[Work instruction] The records must be retyped exactly, with no pictures included.

*** Data in this exercise ***

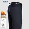 Experience comfort and style with ROMON Men's Autumn/Winter Stretch Casual Wool Blend Trousers. Crafted from a premium blend including wool, viscose, and spandex, these straight-fit pants offer warmth, micro-elasticity, and a natural waist for everyday wear and professional settings. Featuring a solid color design and zipper fly, they blend high-end fashion with minimalist elegance.
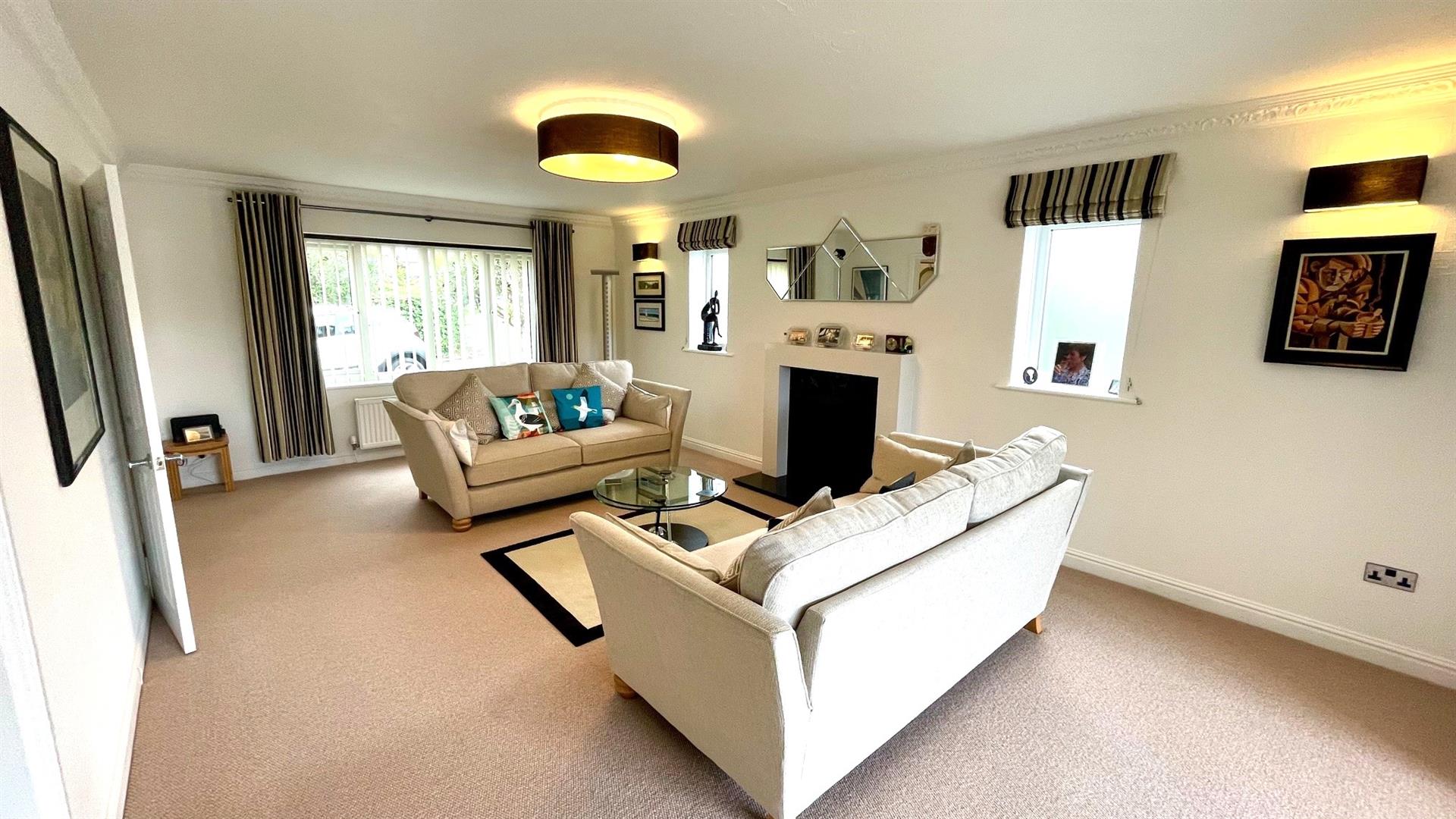 Marble fire surround with granite back and hearth inset, gas coal effect fire, decorative coving, tv point, 2 double radiators, upvc double glazed window to front opening through to:
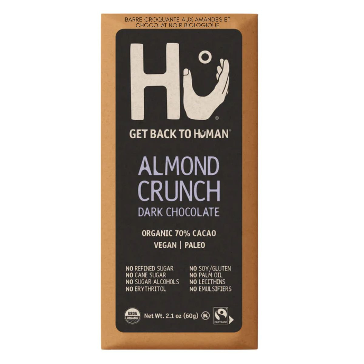 Get ready for a new dark chocolate bar in the Hu Kitchen lineup! Introducing the Hu Kitchen Organic 70% Dark Chocolate Almond Crunch Bar. Vegan and Fairtrade, this bar is all you’ll ever need and more. This gluten-free bar is simply made with dark chocolate and almonds. That’s it.
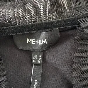 ME+EM Black Blouse with Sheer Tulle Sleeves
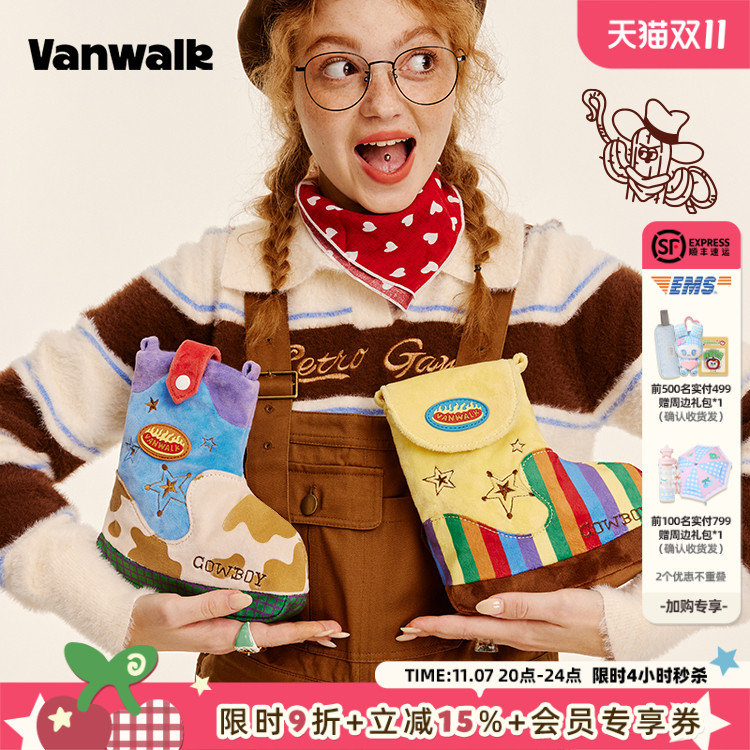 VANWALK牛仔系列 复古靴子包公仔包女礼物斜挎包新款毛绒单肩小包
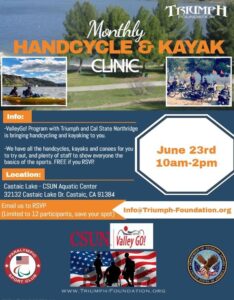 Starting on June 23rd we'll be at Castaic Lake for our ValleyGo! Handcycling & Kayaking event.
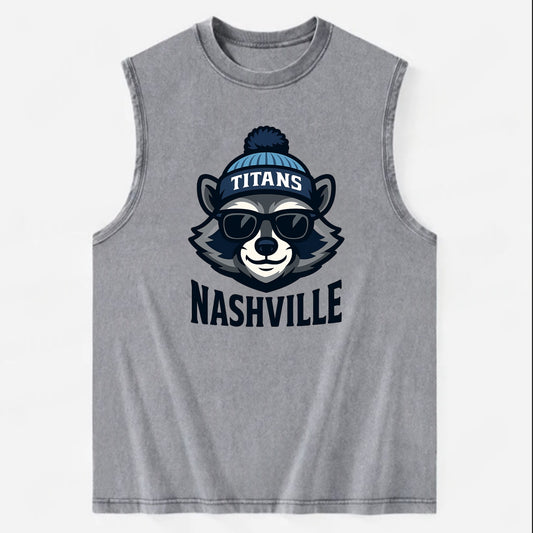 Nashville Raccoon wearing Titans navy and light blue beanie with pom pom and - Vintage Washed Tank
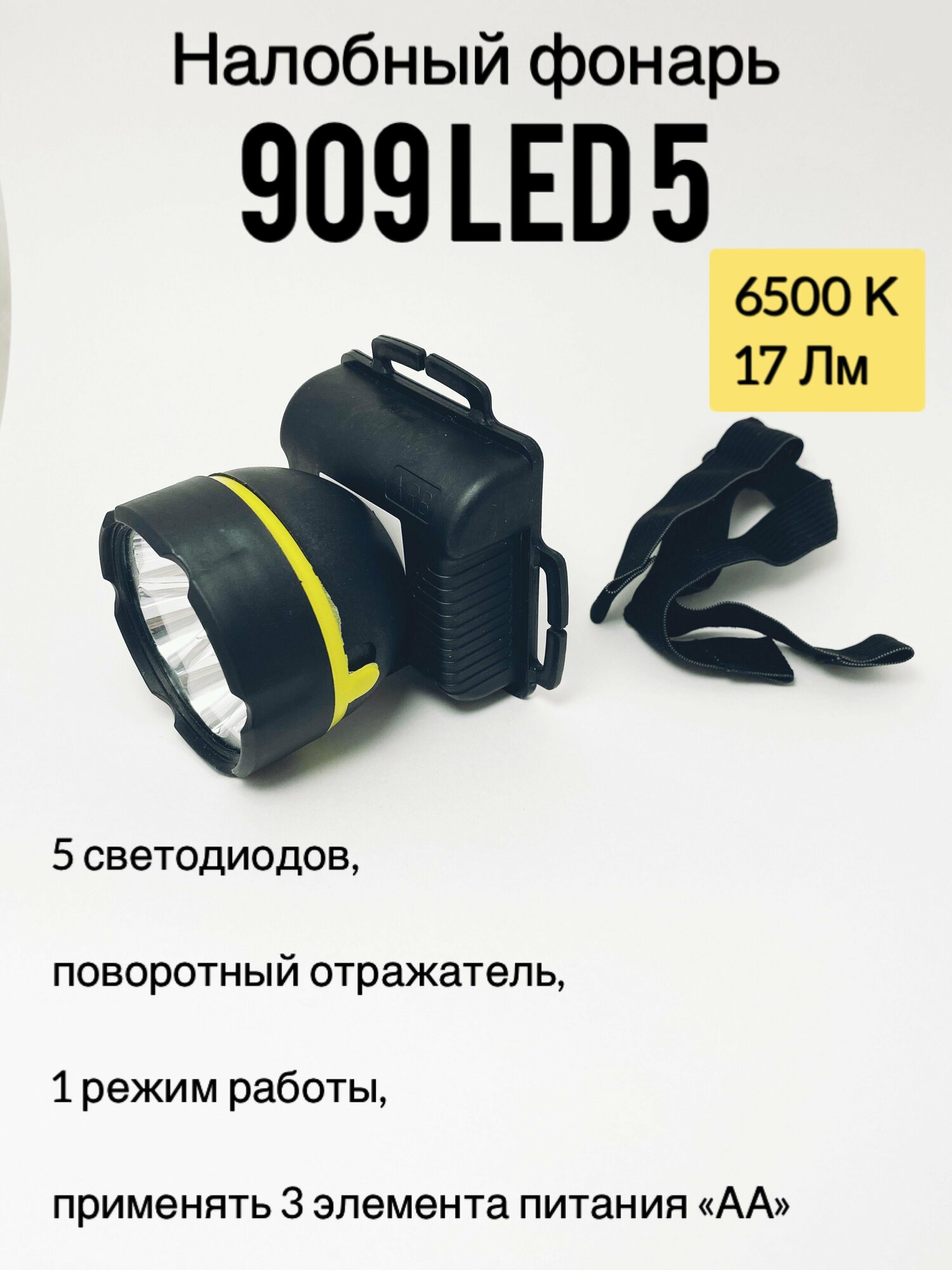 Фонарь 909LED5 налобный черный 5 светод., 1режим, 3xR6 Ultra Flash
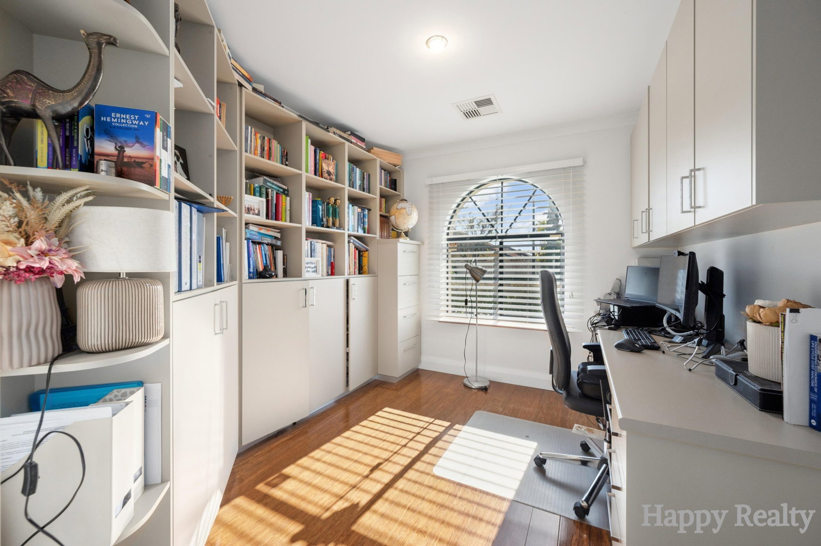 As you step inside, sunlight gently seeps through the entrance, illuminating a sophisticated study and formal lounge, both finished with stunning hardwood flooring. This inviting front section of the home creates the perfect setting for quiet work, relaxation, or hosting guests, setting the tone for the quality carried throughout.
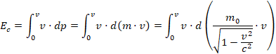 Esta definición obliga a reformular la expresión del momento lineal. Con él vamos a calcular la variación de energía cinética que experimenta un cuerpo desde el reposo (Ec = 0) hasta que se mueve con una velocidad próxima a la de la luz:

*** End of Data in this exercise ***

[Exercise response]
 Experience comfort and style with ROMON Men's Autumn/Winter Stretch Casual Wool Blend Trousers. Crafted from a premium blend including wool, viscose, and spandex, these straight-fit pants offer warmth, micro-elasticity, and a natural waist for everyday wear and professional settings. Featuring a solid color design and zipper fly, they blend high-end fashion with minimalist elegance.
 Marble fire surround with granite back and hearth inset, gas coal effect fire, decorative coving, tv point, 2 double radiators, upvc double glazed window to front opening through to:
 Get ready for a new dark chocolate bar in the Hu Kitchen lineup! Introducing the Hu Kitchen Organic 70% Dark Chocolate Almond Crunch Bar. Vegan and Fairtrade, this bar is all you’ll ever need and more. This gluten-free bar is simply made with dark chocolate and almonds. That’s it.
 ME+EM Black Blouse with Sheer Tulle Sleeves
 VANWALK牛仔系列 复古靴子包公仔包女礼物斜挎包新款毛绒单肩小包
 Starting on June 23rd we'll be at Castaic Lake for our ValleyGo! Handcycling & Kayaking event.
 Nashville Raccoon wearing Titans navy and light blue beanie with pom pom and - Vintage Washed Tank
 Фонарь 909LED5 налобный черный 5 светод., 1режим, 3xR6 Ultra Flash
 As you step inside, sunlight gently seeps through the entrance, illuminating a sophisticated study and formal lounge, both finished with stunning hardwood flooring. This inviting front section of the home creates the perfect setting for quiet work, relaxation, or hosting guests, setting the tone for the quality carried throughout.
 Esta definición obliga a reformular la expresión del momento lineal. Con él vamos a calcular la variación de energía cinética que experimenta un cuerpo desde el reposo (Ec = 0) hasta que se mueve con una velocidad próxima a la de la luz:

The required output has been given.